For those of us living in the southeastern U.S., it’s hard to focus on anything but Hurricane Florence right now. Although I live far enough away that we aren’t in any danger, we’re close enough that we’ll feel some of the effects of the storm – including a fair amount of wind and rain this weekend. Nothing like the brute force pummeling the coast, however, and nothing like the pounding we took last year when Irma came through. But even that didn’t hit us nearly as bad as those who were in the direct path of the storm.
We have friends in South Carolina who had to evacuate their homes, and other friends who have opened their homes to people fleeing the hurricane. We’ve contacted a number of people to check on their plans and to make sure they’re okay, and we’ve reassured the people who have contacted us for the same reason. We appreciate their concern, and are grateful for those who are thinking about us and worrying about us.

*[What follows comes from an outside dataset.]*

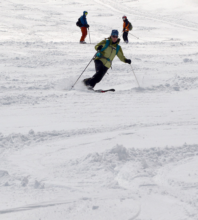 “Even with 115 mm fat skis I was still touching the subsurface at times, but this snow was definitely dense enough to hold up pretty well on steep, aggressive turns.”

That’s one of the things that always seems to happen in the face – or the aftermath – of a devastating disaster, whether it be natural disaster like a hurricane, tornado, or wildfire, or a manmade one such as suicide bombers and school shootings. People first check on loved ones who may be in danger, and then do what they can to help in relief efforts. Although the worst of Florence is yet to be unleashed, and there has already been massive destruction and several deaths, there have also already been a number of heroic rescues. Not only by emergency personnel, but by ordinary people who put their own lives in danger in order to save others.
No matter where you live, I hope you’ll join me in praying for the victims of Hurricane Florence, and for those who are helping them in whatever ways they can. And I hope – actually, I know – we will all join together in responding to the tremendous need there will be once the storm has finally abated.